When Lankester became Linacre Professor of Comparative Anatomy at Merton College, he made Goodrich his assistant in 1892; this marked the start of the researches which during half a century made Goodrich the greatest comparative anatomist of his day. In 1921 Goodrich was appointed to his mentor's old post, which he held until 1945.

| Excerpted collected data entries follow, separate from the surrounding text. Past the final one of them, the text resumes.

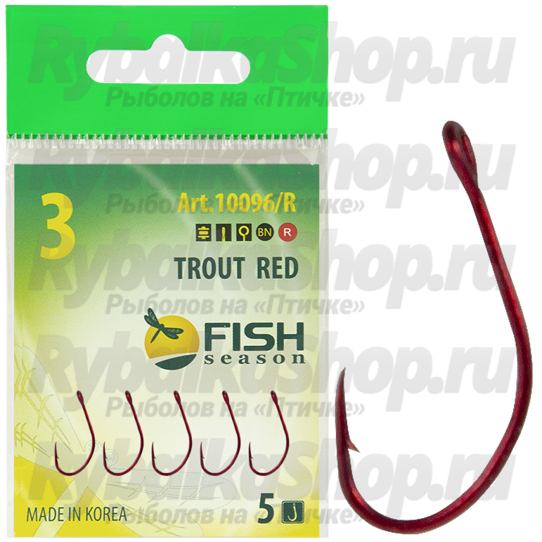 Серия крючков Fish Season Trout Red (10096R), рекомендованная для оснащения различных типов блесен, в том числе, и для отвесного блеснения. Крючки характеризуются крепежным колечком большого диаметра, удлиненным цевьем, широким чуть скошенным круглым загибом, миниатюрной бородкой. Два вида покрытия – RED (красное) и Black NICKEL (черное).
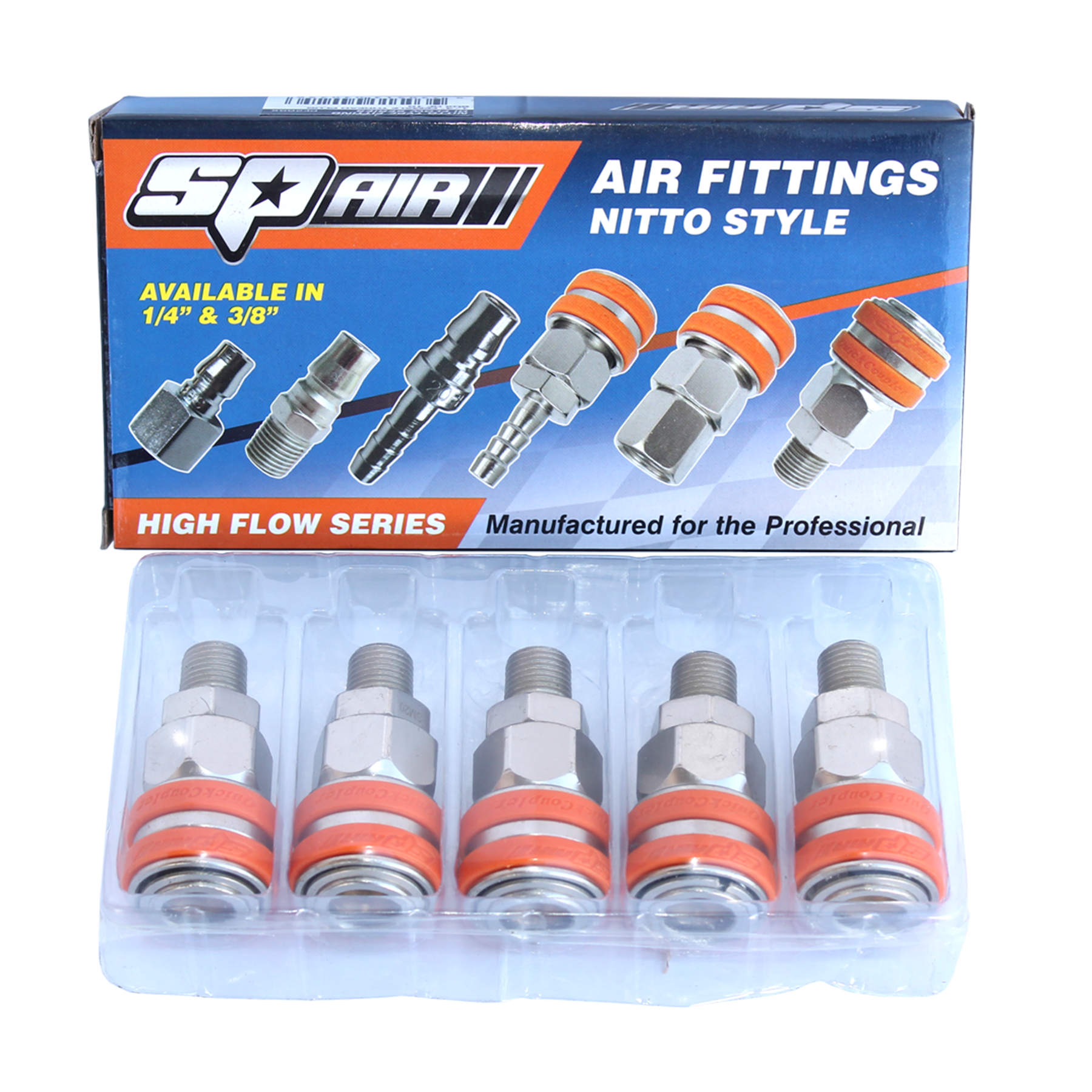 SP Air Air Tool Fitting - Coupler Male Thread 1/2" Nitto Style (Box Of 5) by SP Air delivers secure, quick-connect performance for professional pneumatic work in workshops and automotive environments.
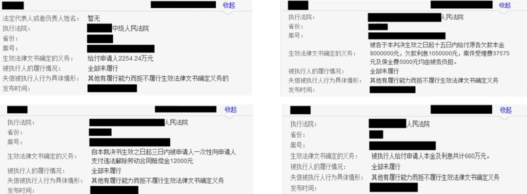 據(jù)調查,除了與A公司的債務糾紛,C某還涉及四條失信人信息,全部未履行,共計涉及金額約3824.7萬。
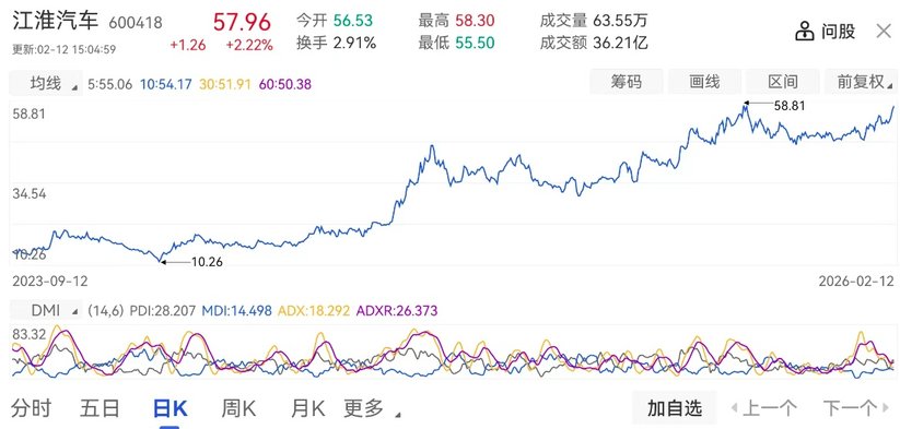 值得一提的是,江淮汽车的股价也已由24年初的10块出头,涨至截止2月12日的58块,涨幅接近6倍。

From the start of his researches, many of which were devoted to marine organisms, Goodrich made himself acquainted at first hand with the marine fauna of Plymouth, Roscoff, Banyuls, Naples, Helgoland, Bermuda, Madeira, and the Canary Islands. He also travelled extensively in Europe, the United States, North Africa, India, Ceylon, Malaya, and Java. He worked out the significance of the tubes connecting the centres of the bodies of animals with the outside. There are nephridia, developed from the outer layer inward and serving the function of excretion. Quite different from them are coelomoducts, developed from the middle layer outward, serving to release the germ cells. These two sets of tubes may look similar, when each opens into the body cavity through a funnel surrounded by cilia which create a current of fluid. In some groups the nephridia may disappear (as in vertebrates, where the nephridia may have been converted into the thymus gland), and the coelomoducts then take on the additional function of excretion. This is why man has a genitourinary system. Before Goodrich's analysis, the whole subject was in chaos.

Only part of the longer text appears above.